Goal of the exercise
The answer consists only of the lines from the beginning of the listing below to the line holding "Bellagio Round Wicker", inclusive, with every picture removed.

Information provided START

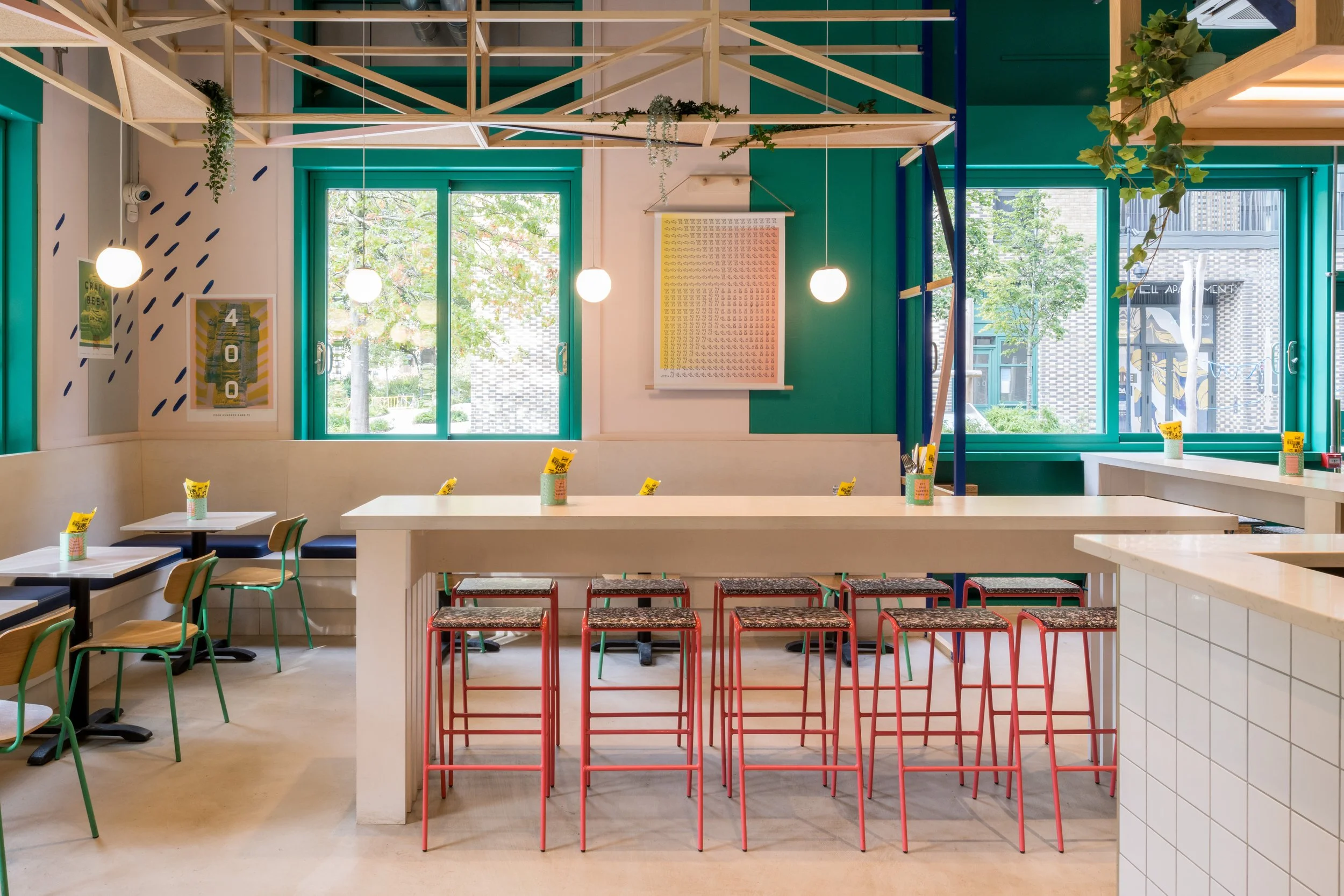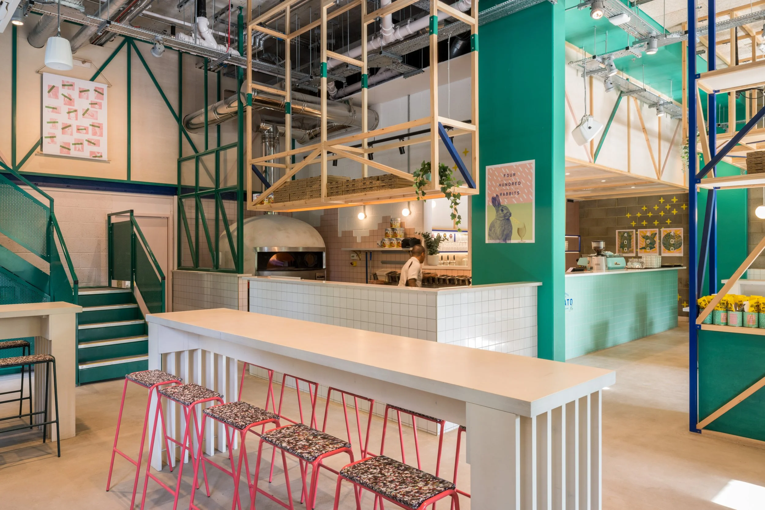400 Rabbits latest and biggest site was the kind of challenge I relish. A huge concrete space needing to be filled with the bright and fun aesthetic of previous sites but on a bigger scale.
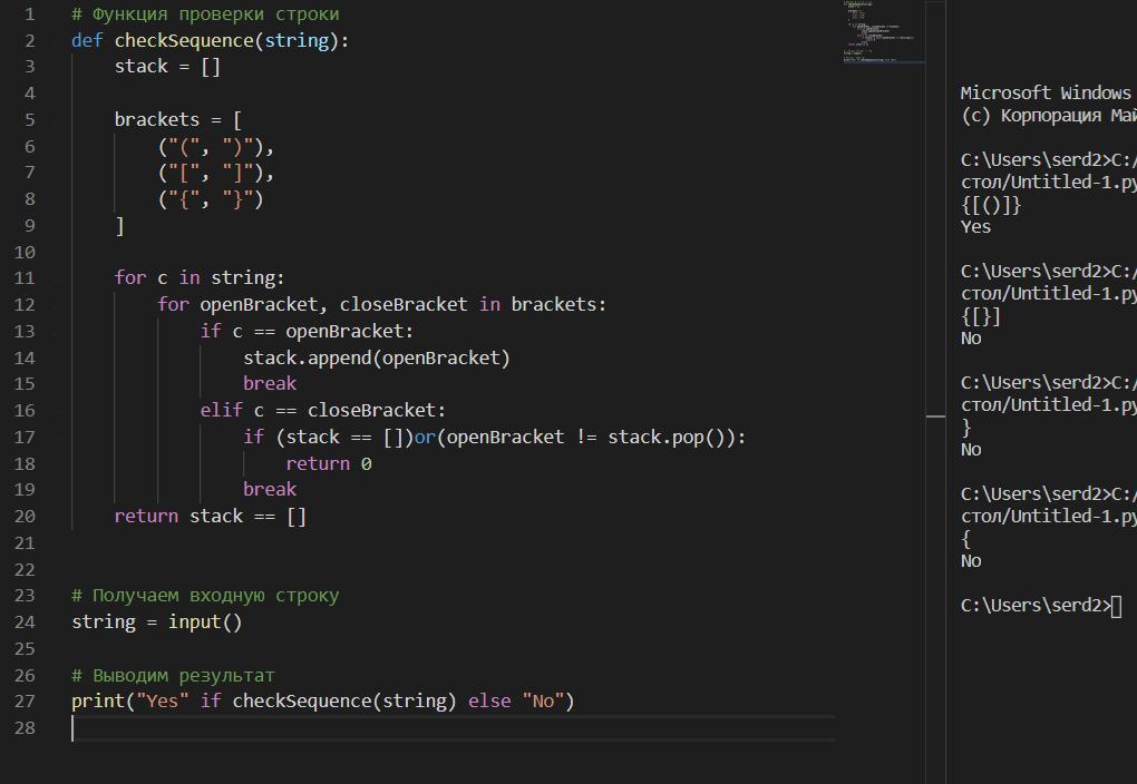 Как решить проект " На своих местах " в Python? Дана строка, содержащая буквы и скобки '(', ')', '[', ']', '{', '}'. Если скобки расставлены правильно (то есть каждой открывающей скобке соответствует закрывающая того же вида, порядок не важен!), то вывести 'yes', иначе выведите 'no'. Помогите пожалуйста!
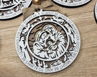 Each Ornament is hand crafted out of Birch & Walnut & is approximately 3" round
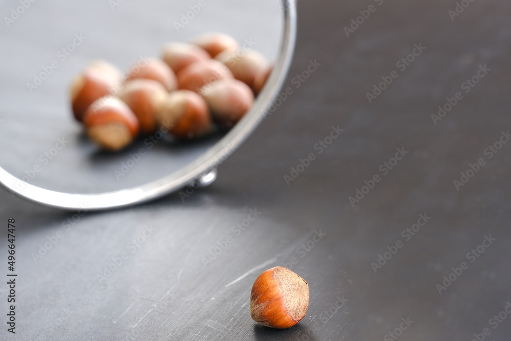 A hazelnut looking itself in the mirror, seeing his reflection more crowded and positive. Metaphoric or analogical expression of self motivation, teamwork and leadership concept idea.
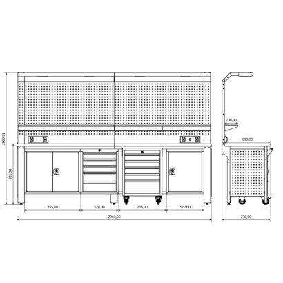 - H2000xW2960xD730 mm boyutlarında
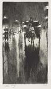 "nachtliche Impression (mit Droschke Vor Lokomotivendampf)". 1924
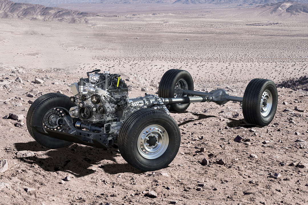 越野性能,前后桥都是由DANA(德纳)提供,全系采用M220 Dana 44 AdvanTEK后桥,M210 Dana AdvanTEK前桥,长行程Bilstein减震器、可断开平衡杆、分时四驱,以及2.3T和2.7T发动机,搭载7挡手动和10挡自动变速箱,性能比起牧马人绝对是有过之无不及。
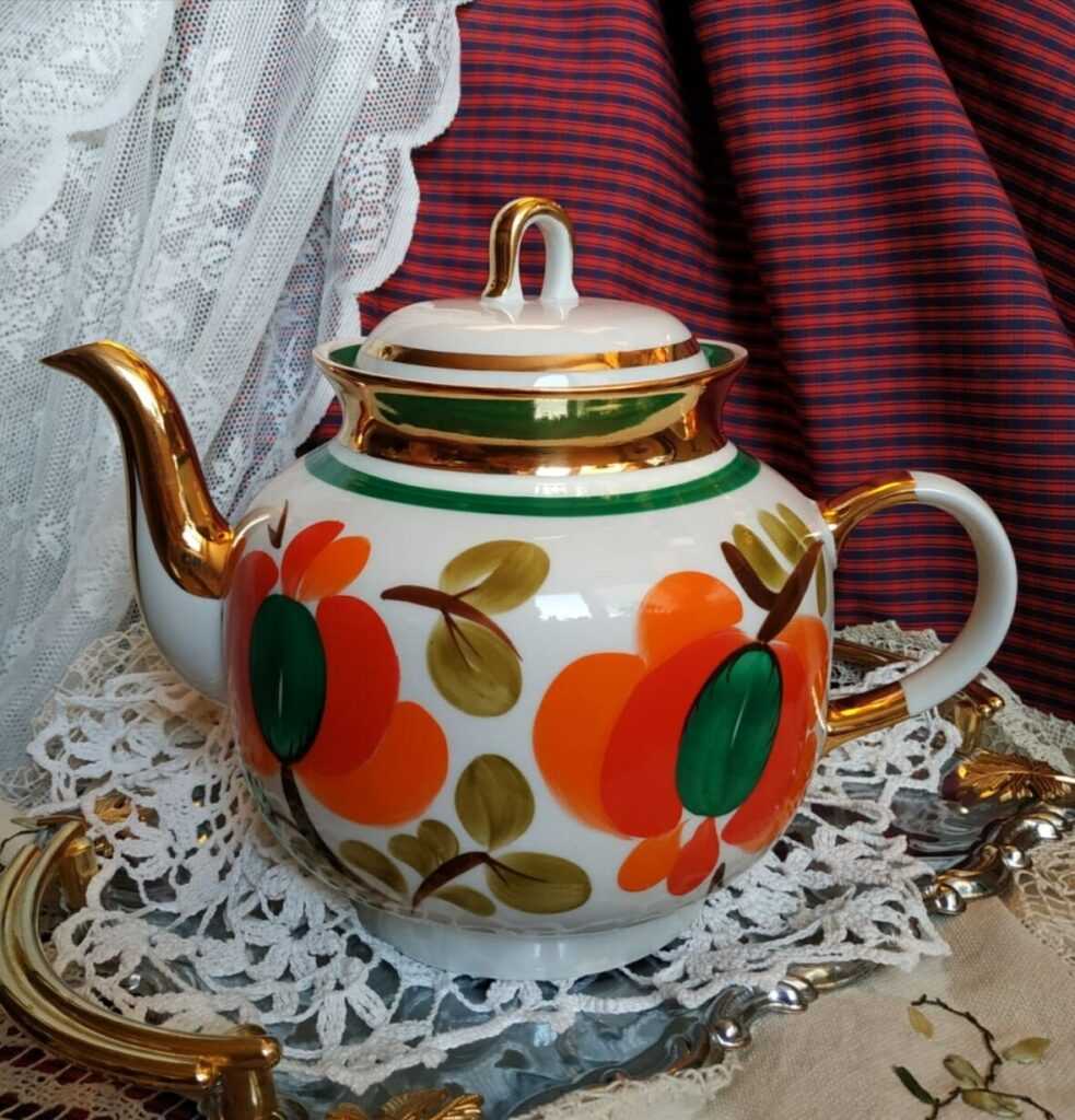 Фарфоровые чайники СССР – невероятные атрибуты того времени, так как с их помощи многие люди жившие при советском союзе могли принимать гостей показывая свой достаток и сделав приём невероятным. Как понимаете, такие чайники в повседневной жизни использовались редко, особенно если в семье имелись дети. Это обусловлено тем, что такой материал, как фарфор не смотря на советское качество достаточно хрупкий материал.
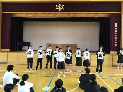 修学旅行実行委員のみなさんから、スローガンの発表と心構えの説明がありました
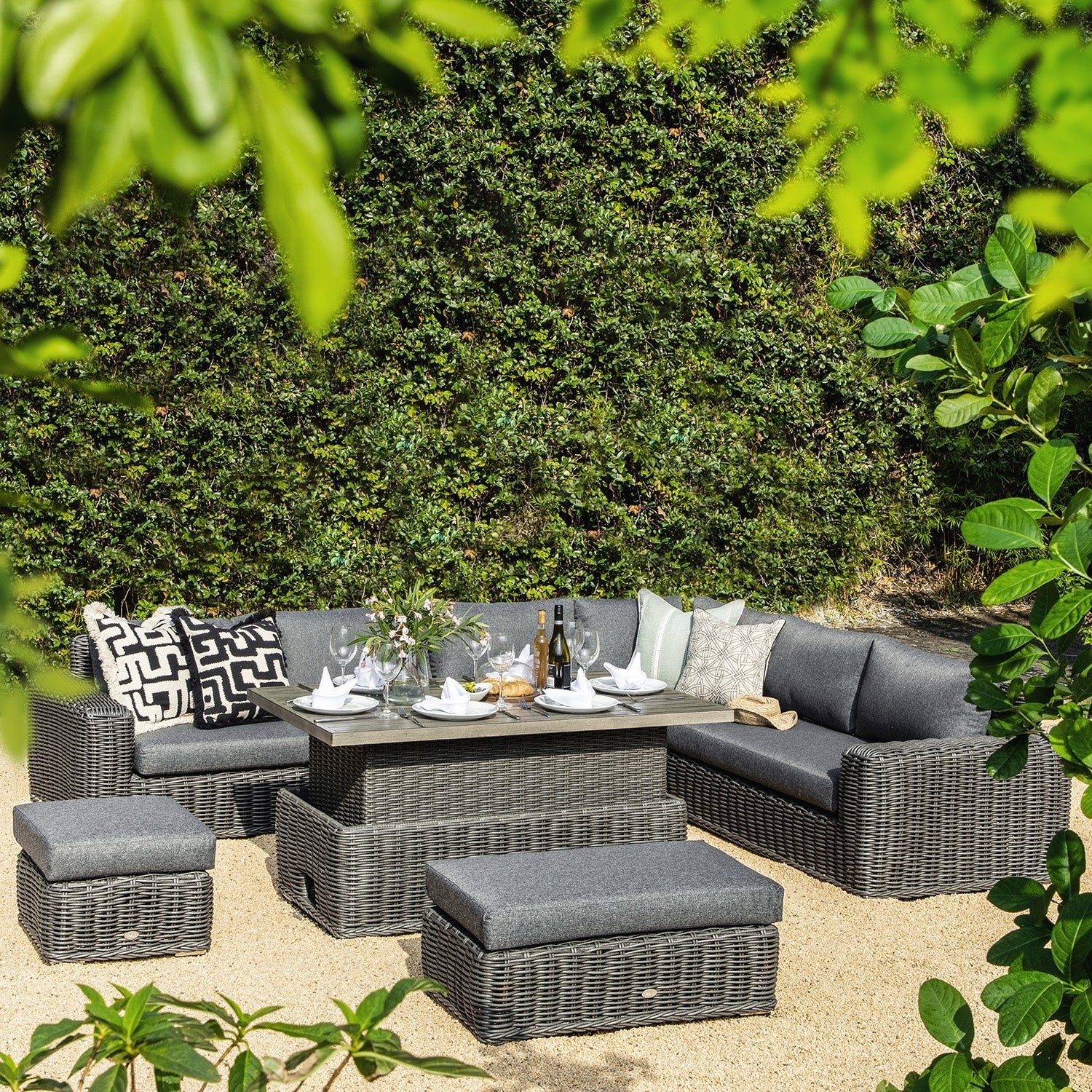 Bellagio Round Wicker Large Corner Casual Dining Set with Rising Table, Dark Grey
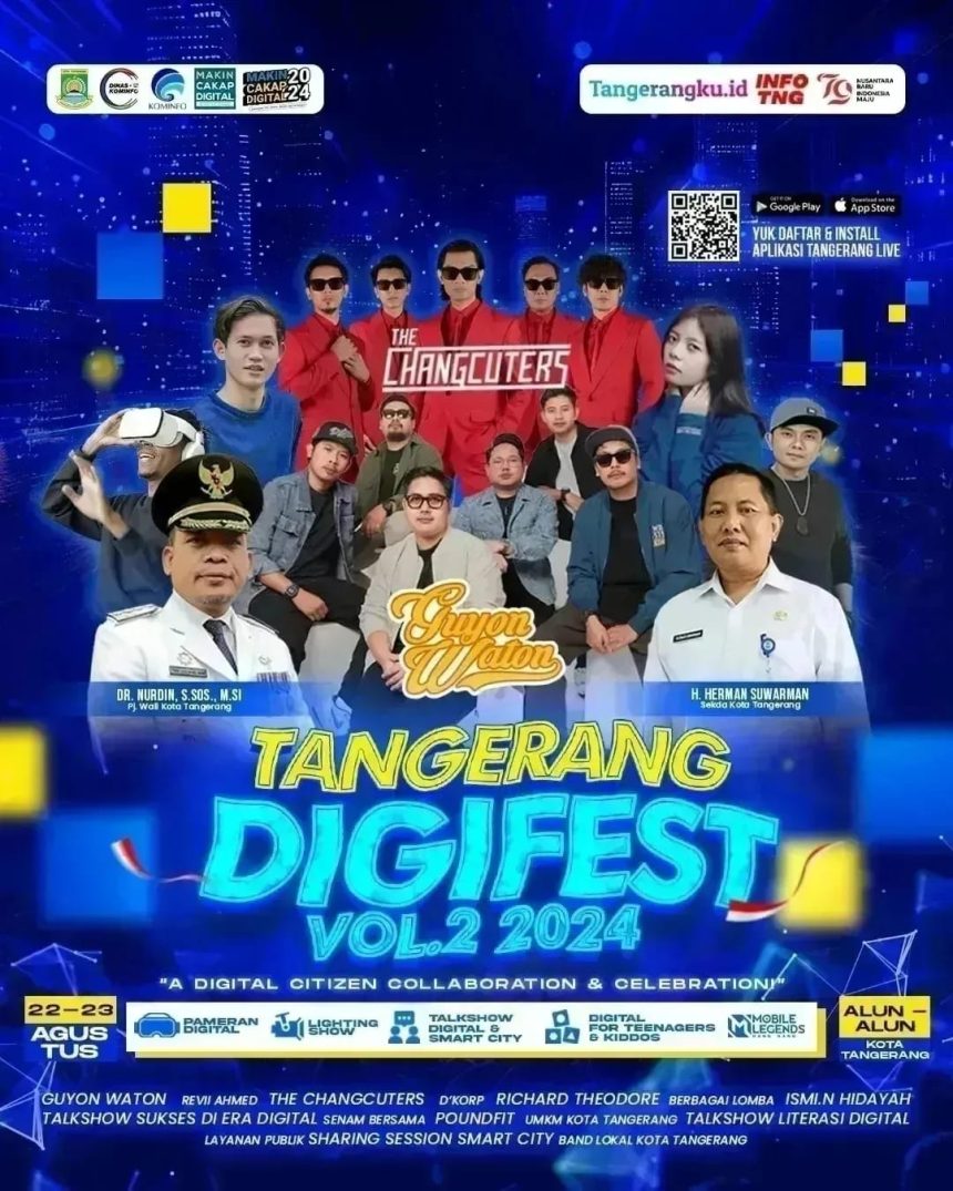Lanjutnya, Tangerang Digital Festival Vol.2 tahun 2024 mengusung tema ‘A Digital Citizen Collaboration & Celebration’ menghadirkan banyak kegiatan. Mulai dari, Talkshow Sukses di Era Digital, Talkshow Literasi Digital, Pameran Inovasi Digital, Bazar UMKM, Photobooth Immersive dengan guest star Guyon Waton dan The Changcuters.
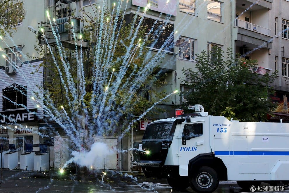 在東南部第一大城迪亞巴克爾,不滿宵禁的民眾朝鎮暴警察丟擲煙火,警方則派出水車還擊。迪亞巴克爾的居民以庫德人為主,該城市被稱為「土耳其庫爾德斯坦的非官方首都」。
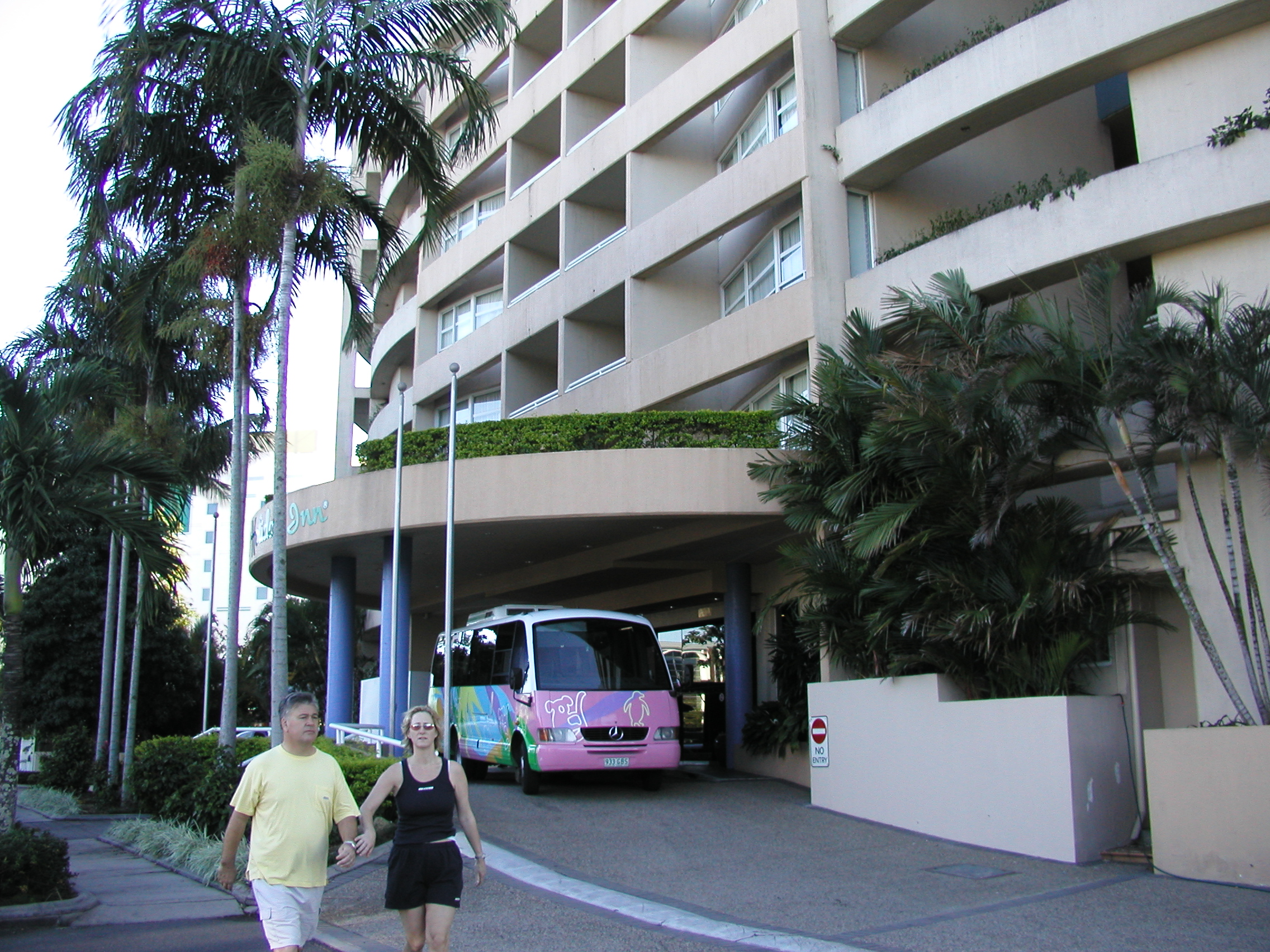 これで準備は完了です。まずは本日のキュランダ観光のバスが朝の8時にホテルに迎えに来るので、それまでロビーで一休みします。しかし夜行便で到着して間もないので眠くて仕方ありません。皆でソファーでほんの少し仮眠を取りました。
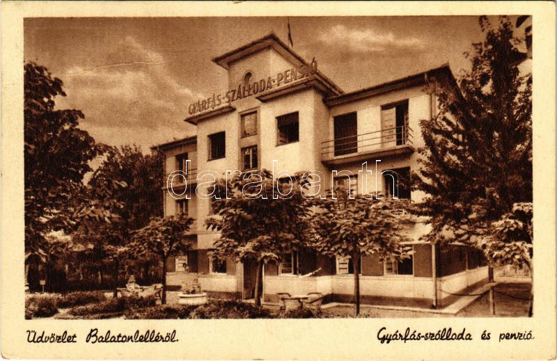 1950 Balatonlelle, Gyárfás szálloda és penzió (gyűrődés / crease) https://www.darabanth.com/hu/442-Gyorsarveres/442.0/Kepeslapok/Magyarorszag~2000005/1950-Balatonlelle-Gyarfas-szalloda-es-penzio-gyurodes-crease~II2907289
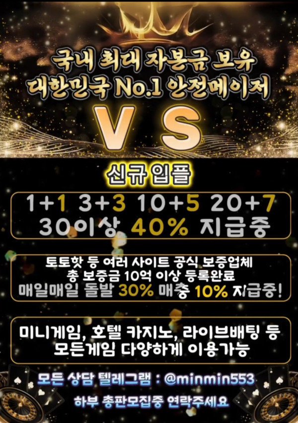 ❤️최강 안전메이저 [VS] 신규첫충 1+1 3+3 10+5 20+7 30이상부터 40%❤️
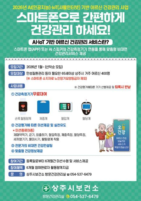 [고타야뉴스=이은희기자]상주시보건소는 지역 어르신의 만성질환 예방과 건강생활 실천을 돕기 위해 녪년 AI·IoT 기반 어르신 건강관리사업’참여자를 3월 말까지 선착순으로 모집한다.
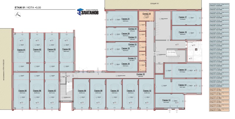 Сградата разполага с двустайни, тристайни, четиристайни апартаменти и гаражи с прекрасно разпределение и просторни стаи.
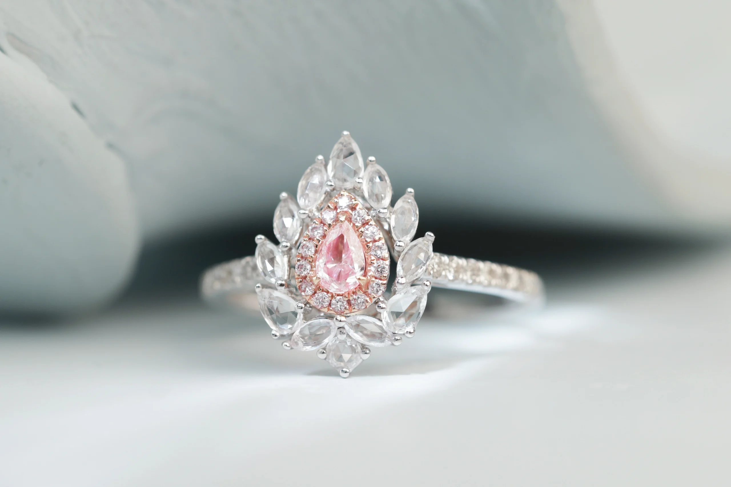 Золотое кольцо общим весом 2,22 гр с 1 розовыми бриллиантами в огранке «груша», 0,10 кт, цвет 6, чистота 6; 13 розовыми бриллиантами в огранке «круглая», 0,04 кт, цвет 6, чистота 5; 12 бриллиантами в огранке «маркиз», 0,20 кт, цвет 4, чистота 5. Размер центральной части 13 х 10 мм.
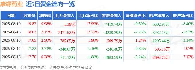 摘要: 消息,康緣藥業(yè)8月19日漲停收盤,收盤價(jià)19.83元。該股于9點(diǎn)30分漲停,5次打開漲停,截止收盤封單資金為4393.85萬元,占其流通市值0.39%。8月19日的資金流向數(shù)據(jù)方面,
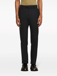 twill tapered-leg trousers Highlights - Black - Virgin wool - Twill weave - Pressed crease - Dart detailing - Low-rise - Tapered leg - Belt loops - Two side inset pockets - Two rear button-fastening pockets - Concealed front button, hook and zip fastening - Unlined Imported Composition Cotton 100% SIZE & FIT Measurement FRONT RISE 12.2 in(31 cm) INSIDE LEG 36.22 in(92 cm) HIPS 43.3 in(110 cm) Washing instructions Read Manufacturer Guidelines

Information provided END

Response to this exercise
400 Rabbits latest and biggest site was the kind of challenge I relish. A huge concrete space needing to be filled with the bright and fun aesthetic of previous sites but on a bigger scale.
 Как решить проект " На своих местах " в Python? Дана строка, содержащая буквы и скобки '(', ')', '[', ']', '{', '}'. Если скобки расставлены правильно (то есть каждой открывающей скобке соответствует закрывающая того же вида, порядок не важен!), то вывести 'yes', иначе выведите 'no'. Помогите пожалуйста!
 Each Ornament is hand crafted out of Birch & Walnut & is approximately 3" round
 A hazelnut looking itself in the mirror, seeing his reflection more crowded and positive. Metaphoric or analogical expression of self motivation, teamwork and leadership concept idea.
 - H2000xW2960xD730 mm boyutlarında
 "nachtliche Impression (mit Droschke Vor Lokomotivendampf)". 1924
 越野性能,前后桥都是由DANA(德纳)提供,全系采用M220 Dana 44 AdvanTEK后桥,M210 Dana AdvanTEK前桥,长行程Bilstein减震器、可断开平衡杆、分时四驱,以及2.3T和2.7T发动机,搭载7挡手动和10挡自动变速箱,性能比起牧马人绝对是有过之无不及。
 Фарфоровые чайники СССР – невероятные атрибуты того времени, так как с их помощи многие люди жившие при советском союзе могли принимать гостей показывая свой достаток и сделав приём невероятным. Как понимаете, такие чайники в повседневной жизни использовались редко, особенно если в семье имелись дети. Это обусловлено тем, что такой материал, как фарфор не смотря на советское качество достаточно хрупкий материал.
 修学旅行実行委員のみなさんから、スローガンの発表と心構えの説明がありました
 Bellagio Round Wicker Large Corner Casual Dining Set with Rising Table, Dark Grey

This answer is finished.